13. | Contingencies and Commitments |
The Company is subject to various investigations, claims and legal proceedings that arise in the ordinary course of business, including alleged infringement of intellectual property rights, commercial disputes, labor and employment matters, tax audits and other matters. In the opinion of the Company, the resolution of pending matters is not expected to have a material adverse effect on the Companys consolidated results of operations, cash flows or financial position. However, each of these matters is subject to various uncertainties and it is possible that an unfavorable resolution of one or more of these proceedings could in the future materially affect the Companys results of operations, cash flows or financial position.
14. | Recently Issued Accounting Pronouncements |
In April 2009, the FASB issued FSP FAS No. 157-4, Determining Fair Value When the Volume and Level of Activity for the Asset or Liability have Significantly Decreased and Identifying Transactions That Are Not Orderly (FSP FAS No. 157-4). FSP FAS No. 157-4 provides guidance on how to determine the fair value of assets and liabilities under Statement No. 157 in the current economic environment and reemphasizes that the objective of a fair value measurement remains an exit price. FSP FAS No. 157-4 is effective for interim and annual reporting periods ending after June 15, 2009. The Company is still assessing the full impact of this standard on its future consolidated financial statements.

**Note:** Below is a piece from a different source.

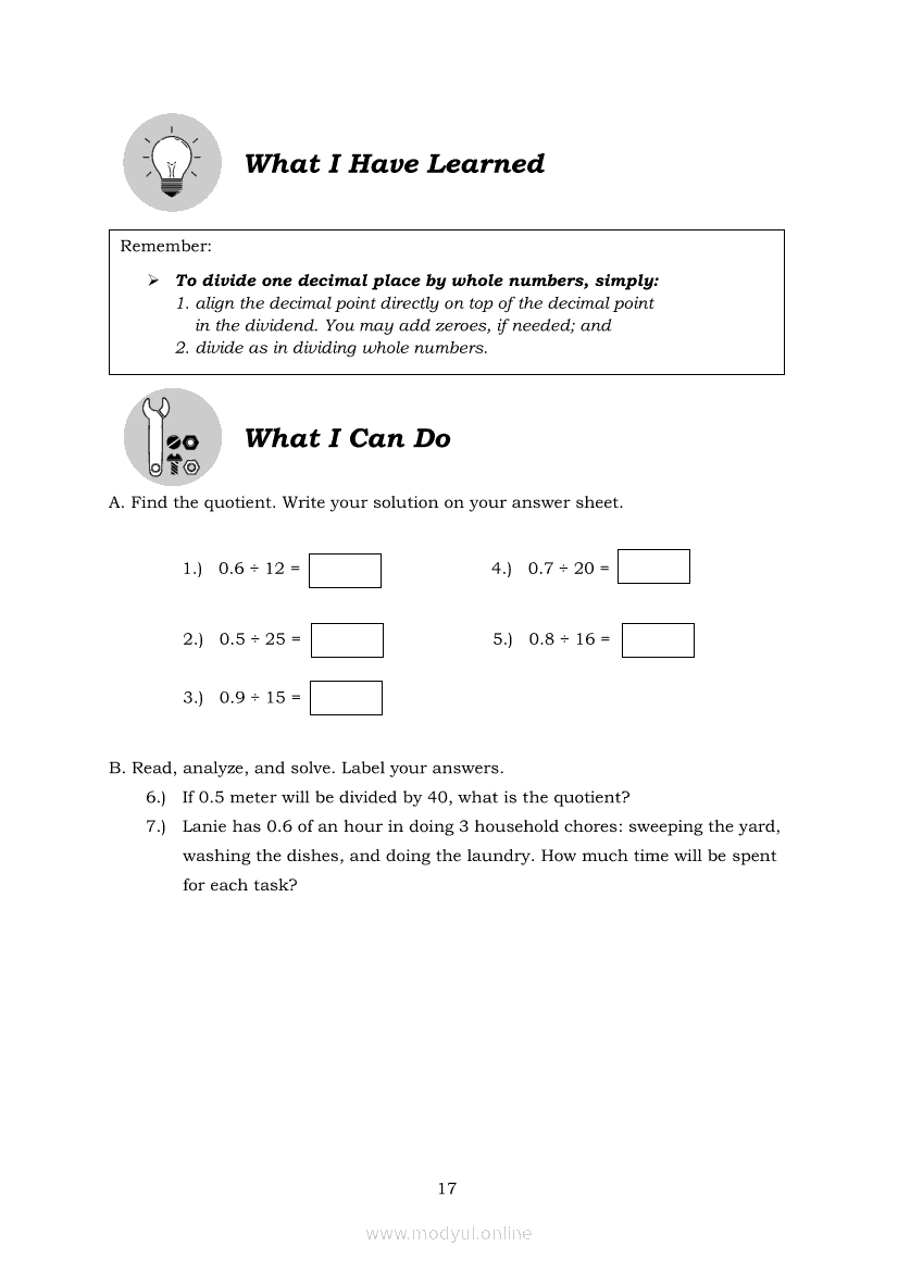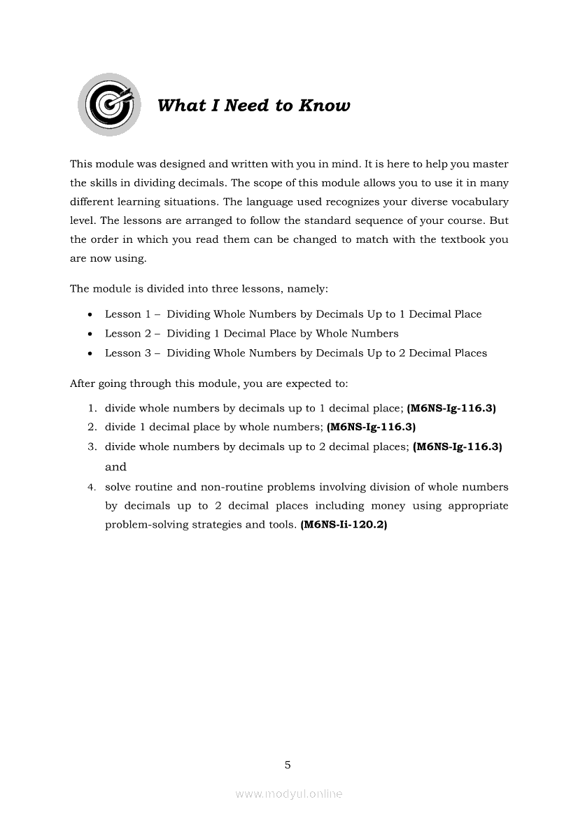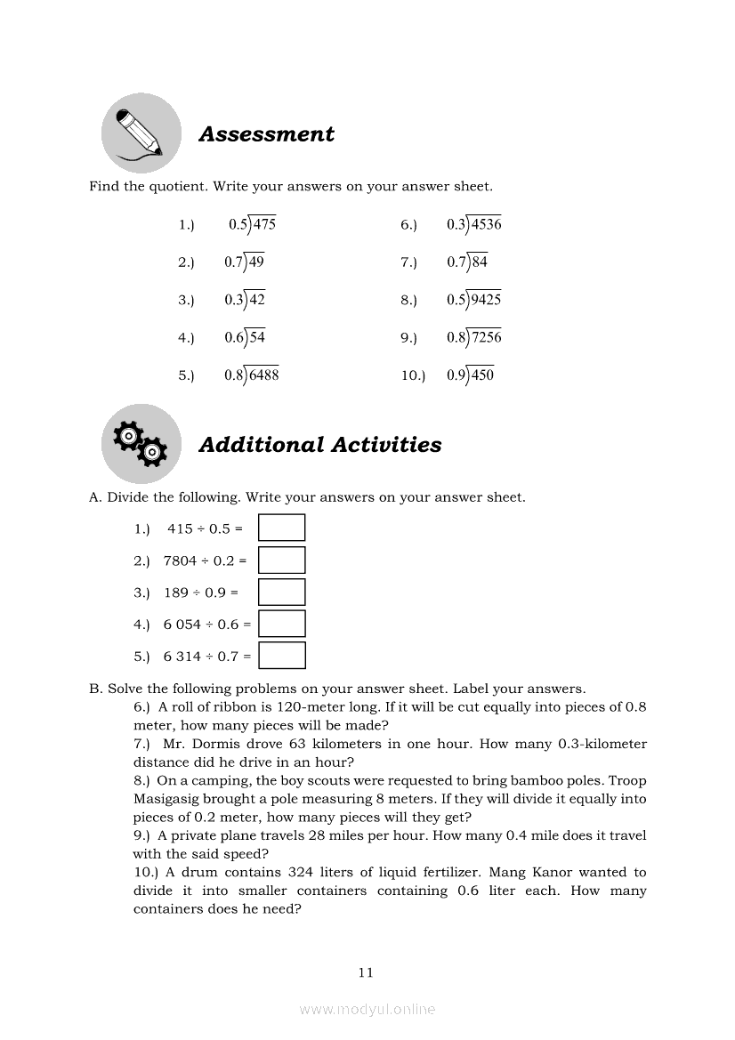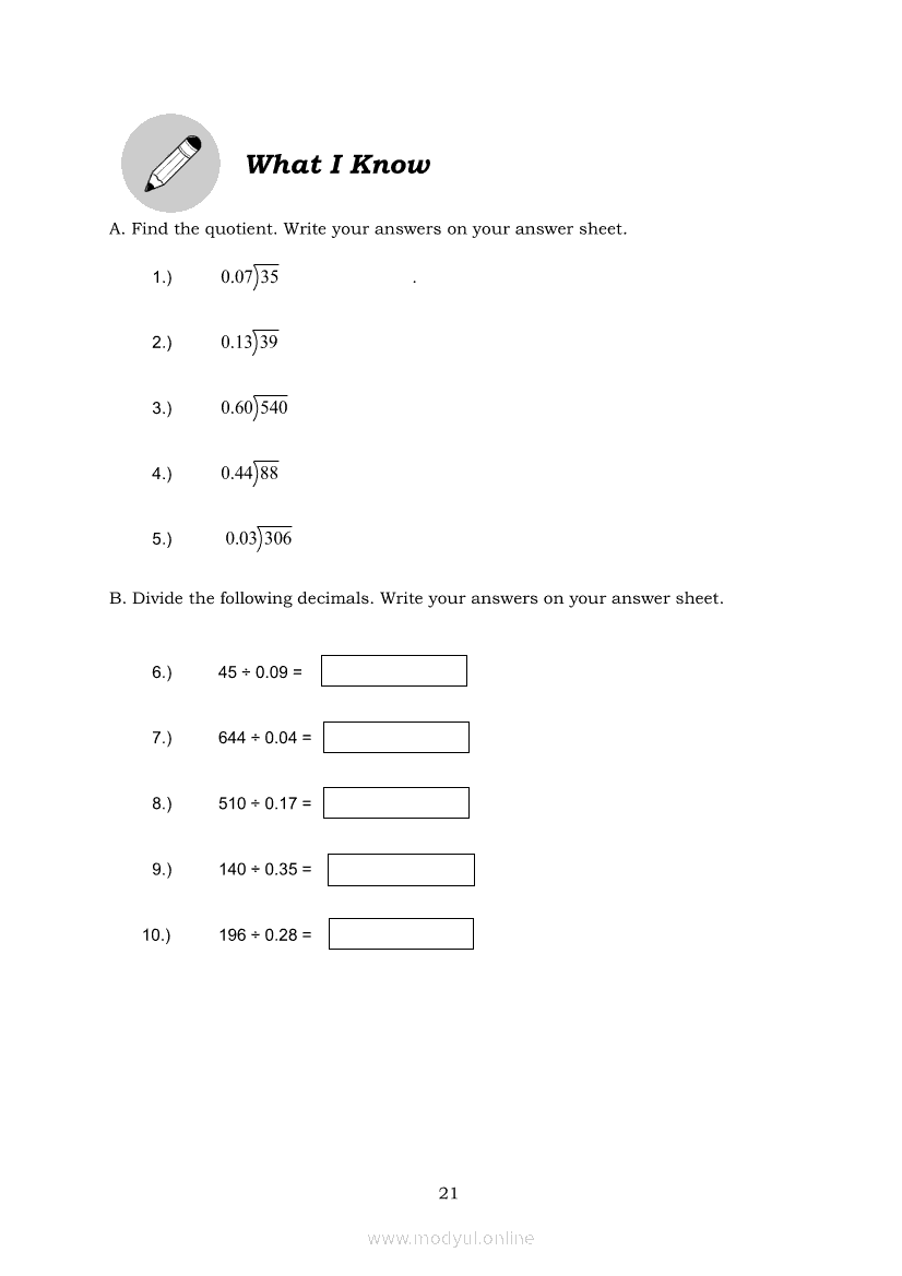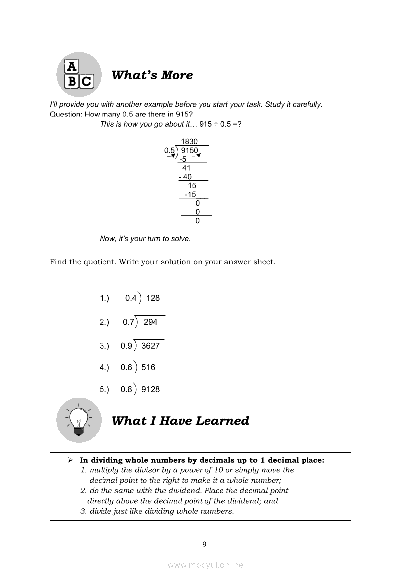 Math 6 Module 8: Division of Whole Numbers By Decimals Up To 2 Decimal PlacesApr 22, 2021 Grade 6Kiumo M901 Tablet for Kids — comprehensive protection in learning, safety, and entertainment for as low as **₱2,399!. Math 6RelatedMATHEMATICS Quarter 4 – Module 4 Constructing and Interpreting a Pie GraphMATHEMATICS Quarter 4 – Module 7 Making and Telling The Number of Favorable Outcomes and Chances Using Listing and DiagramsMATHEMATICS Quarter 4 – Module 8 Making Simple Predictions of Events and Solving Problems Involving Experimental and Theoretical ProbabilityMathematics Quarter 4 – Module 3 Solving Routine and Non-Routine Problems Involving Electric and Water ConsumptionMATHEMATICS Quarter 4 – Module 1 Determining the Relationship of Volume Between a Rectangular Prism and a Pyramid; a Cylinder and a Cone and a Cylinder and a Sphere

In April 2009, the FASB issued FSP FAS No. 107-1 and APB 28-1, Interim Disclosures about Fair Value of Financial Instruments (FSP FAS No. 107-1 and APB 28-1). FSP FAS No. 107-1 and APB 28-1 enhance the disclosure of instruments under the scope of Statement No. 157 for both interim and annual periods. FSP FAS No. 107-1 and APB 28-1 is effective for interim and annual reporting periods ending after June 15, 2009. The Company is still assessing the full impact of this standard on its future consolidated financial statements.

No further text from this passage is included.